Complex Modal Decomposition for Estimating Wave Properties in One-Dimensional Media

[+] Author and Article Information
B. F. Feeny

Dynamics and Vibrations Research Laboratory,
Department of Mechanical Engineering,
Michigan State University,
East Lansing, MI 48824
e-mail: feeny@egr.msu.edu

1Corresponding author.

Contributed by the Design Engineering Division of ASME for publication in the Journal of Vibration and Acoustics. Manuscript received October 26, 2010; final manuscript received September 3, 2012; published online April 5, 2013. Assoc. Editor: Bogdan Epureanu.

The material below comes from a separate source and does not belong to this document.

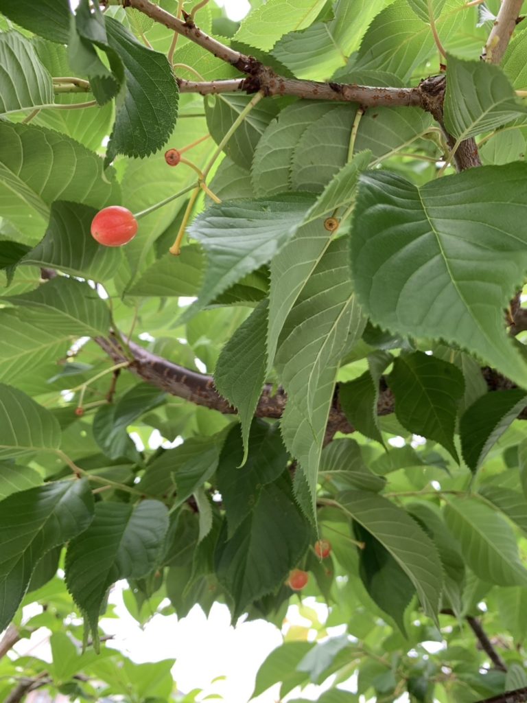 支援センター本部のオカメ桜にさくらんぼが実っています。季節が動いているのを感じますね。

J. Vib. Acoust 135(3), 031010 (Apr 05, 2013) (8 pages) Paper No: VIB-10-1260; doi: 10.1115/1.4023047 History: Received October 26, 2010; Revised September 03, 2012

A method of complex orthogonal decomposition is summarized for the time-domain, and then formulated and justified for application in the frequency-domain. The method is then applied to the extraction of modes from simulation data of sampled multimodal traveling waves for estimating wave parameters in one-dimensional continua. The decomposition is first performed on a transient nondispersive pulse. Complex wave modes are then extracted from a two-harmonic simulation of a dispersive medium. The wave frequencies and wave numbers are obtained by looking at the whirl of the complex modal coordinate, and the complex modal function, respectively, in the complex plane. From the frequencies and wave numbers, the wave speeds are then estimated, as well as the group velocity associated with the two waves. The decomposition is finally applied to a simulation of the traveling waves produced by a Gaussian initial displacement profile in an Euler–Bernoulli beam. While such a disturbance produces a continuous spectrum of wave components, the sampling conditions limit the range of modal components (i.e., mode shapes and modal coordinates) to be extracted. Within this working range, the wave numbers and frequencies are obtained from the extraction, and compared to theory. Modal signal energies are also quantified. The results are robust to random noise.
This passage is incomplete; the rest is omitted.